◆ What is needed
Make an exact copy of the entries, and keep any pictures out of it.

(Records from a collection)
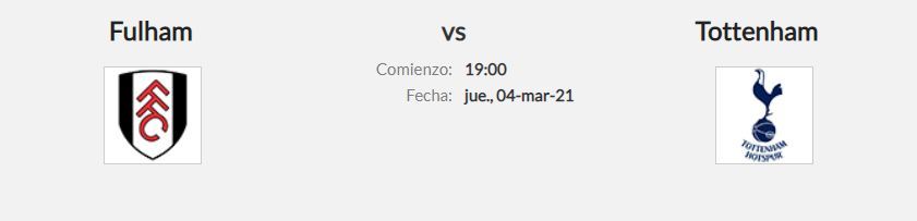 Fulham vs Tottenham. Jueves, 4 de marzo, a las 19:00.
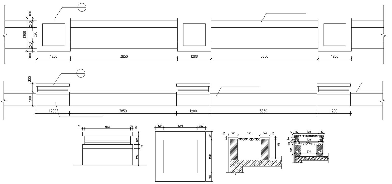 2d CAD drawing details of compound wall front elevation design along with boundary wall plan, wall-length height, and various other blocks details download file for free.
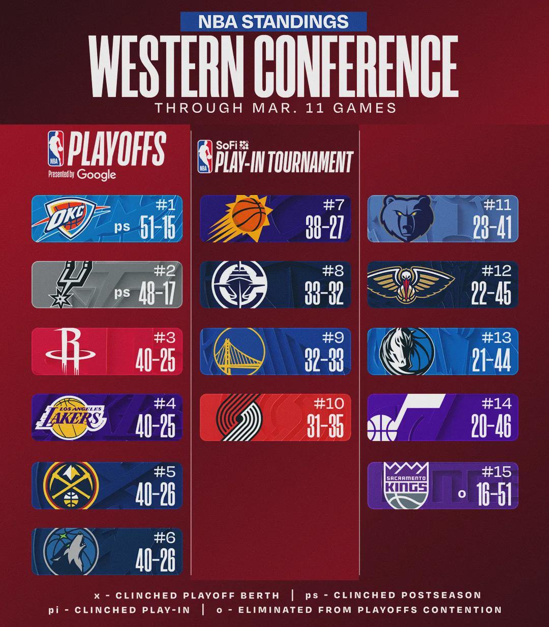 本场比赛过后,快船胜率达到50.8%,取得33胜32负战绩排名西部第八,已领先第九的勇士1个胜场,但仍落后第六的森林狼多达6个胜场。
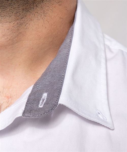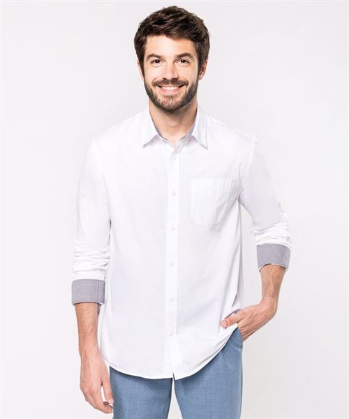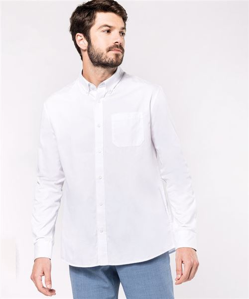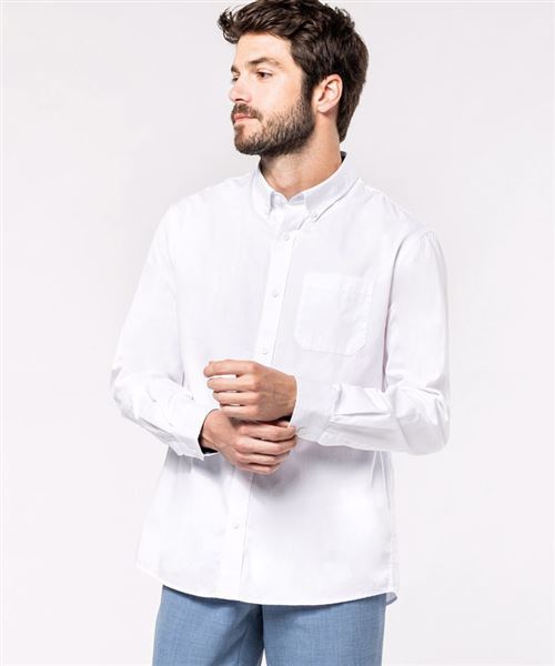 Button-down collar. Matching buttons. Chest pocket on left side. Contrast Oxford silver inner collar stand and cuffs. Back with 2 side pleats and lined yoke. Felled seam finish. BSCI certified. Oeko-Tex certified. SEDEX certified. WRAP certified.
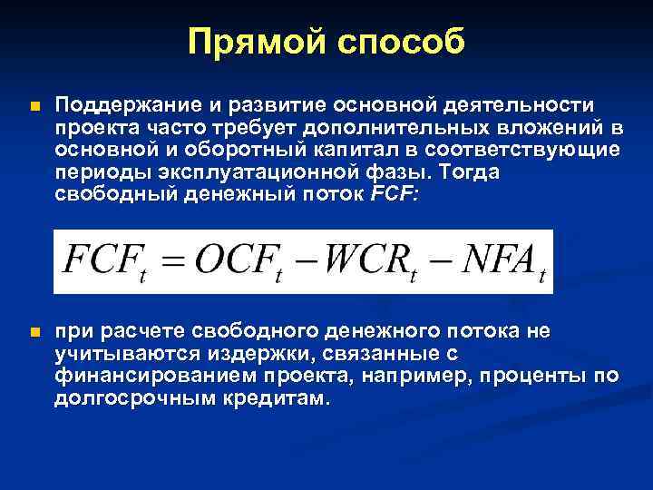 Прямой способ n Поддержание и развитие основной деятельности проекта часто требует дополнительных вложений в основной и оборотный капитал в соответствующие периоды эксплуатационной фазы. Тогда свободный денежный поток FCF: n при расчете свободного денежного потока не учитываются издержки, связанные с финансированием проекта, например, проценты по долгосрочным кредитам.

◆ Response area
 Fulham vs Tottenham. Jueves, 4 de marzo, a las 19:00.
 2d CAD drawing details of compound wall front elevation design along with boundary wall plan, wall-length height, and various other blocks details download file for free.
 本场比赛过后,快船胜率达到50.8%,取得33胜32负战绩排名西部第八,已领先第九的勇士1个胜场,但仍落后第六的森林狼多达6个胜场。
 Button-down collar. Matching buttons. Chest pocket on left side. Contrast Oxford silver inner collar stand and cuffs. Back with 2 side pleats and lined yoke. Felled seam finish. BSCI certified. Oeko-Tex certified. SEDEX certified. WRAP certified.
 Прямой способ n Поддержание и развитие основной деятельности проекта часто требует дополнительных вложений в основной и оборотный капитал в соответствующие периоды эксплуатационной фазы. Тогда свободный денежный поток FCF: n при расчете свободного денежного потока не учитываются издержки, связанные с финансированием проекта, например, проценты по долгосрочным кредитам.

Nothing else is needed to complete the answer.